Five doctors at the hospital told the family to just make Lena as comfortable as possible because that was all that could be done for her at that point. The most recent Lynn physician they had consulted was a Boston surgeon specializing in scrofula, but his efforts didn’t help either, so the parents then took their daughter to a lady physician who treated her for 15 months. While she relieved Lena’s suffering somewhat, no cure was accomplished.

Then we resorted to patent medicines. She took nearly two hundred bottles of one remedy in fifteen months, and followed this with forty bottles of another. As she continued to fail … Dr. R. W. Lougee was sent to us. … Upon taking Dr. Lougee’s Vitalizing Compound she began at once to improve, and our pardonable skepticism as to its great virtues was speedily removed. Soon the ulcers began to heal and the cavities to fill with new and healthy tissue, built up by this truly wonderful remedy. To-day nothing remains to indicate the frightful condition of which we have spoken … Her recovery is looked upon … as little short of a miracle, and our gratitude to Dr. Lougee for his agency in that blessed consummation is unspeakable. We hope the knowledge of his great specific, rightly named the Vitalizing Compound, may be spread far and wide. … Our residence is 677 Boston street. We will be pleased to answer all inquiries.
                                                              Mr. R. C. Judkins.
                                                              Mrs. R. C. Judkins.

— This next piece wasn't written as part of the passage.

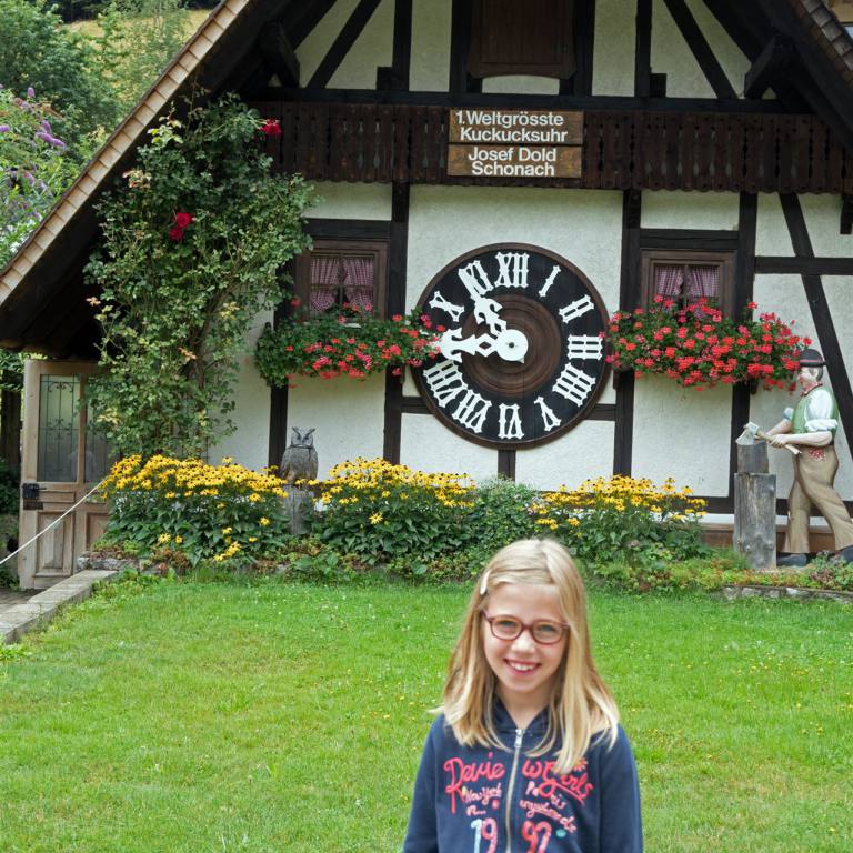 Auf dem Rückweg machten wir noch eine kurze Pause bei einem schönen Haus indem allerlei Souvenirs und vor allem natürlich Kuckucksuhren verkauft werden. Schon früher suchten die Bewohner des Schwarzwaldes einen Nebenerwerb, weil sie in der Regel von den kargen Erträgen der Landwirtschaft ihre meist sehr großen Familien nicht ernähren konnten. So begann man etwa ab dem Jahr 1640 – also lange bevor Karl Benz seine erste Motorkutsche baute – mit der Herstellung von einfachen hölzernern Uhren, die zunächst nur mit einem Zeiger die Zeit anzeigen konnten. Etwa 100 Jahre später wurde im Schwarzwald die erste Kuckucksuhr gebaut, die innerhalb weniger Jahrzehnte einen unglaublichen Siegeszug durch die ganze Welt antrat und bald Tausenden von Menschen Arbeit und Brot gab. Die traditionelle Uhrmacherei ist im Schwarzwald bis heute hauptsächlich in den Orten Triberg, Schönwald, Furtwangen, St. Georgen und in der Gegend um Neustadt erhalten geblieben.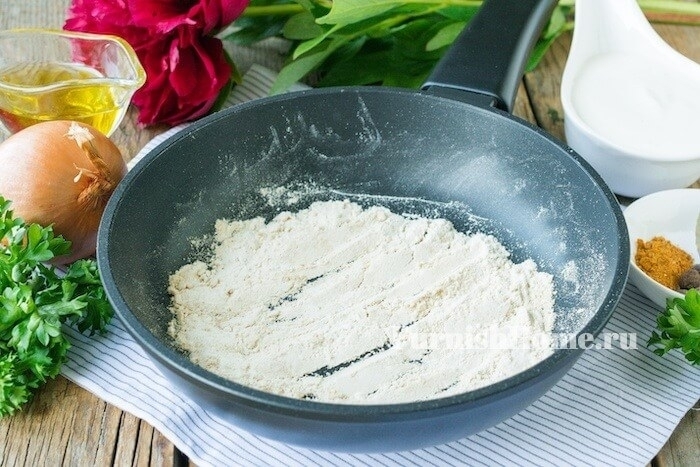 На отдельной сухой сковороде обжарим пшеничную муку до светло-коричневого оттенка.

Label on the bottle's back side.
Label on the bottle's back side.

To keep this miracle in the minds of every shopper, the big green bottle of Vitalizing Compound was adorned with an equally large label featuring a striking image of a healthy, vibrant Lena Judkins preparing to place a floral crown on the head of the venerable, seated doctor. In equally dramatic and varied Victorian type styles the message surrounding the trademarked image read,

Dr. Lougee Your Vitalizing Compound Saved My Life.

Lena’s parents had twice suffered the devastating loss of their other two children within the first two years of life; they were frantic to keep their teenage daughter Lena alive, and by their observations, it seemed that Lougee's Vitalizing Compound succeeded where all others had failed – Lena had healed! Their glowing testimonial of gratitude concluded with the final praise, “Is it not eminently fitting that our daughter, whose life he has thus saved, should crown the aged physician with an immortal wreath of honor?” Lena and Dr. Lougee would live on forever in the drawing on the label.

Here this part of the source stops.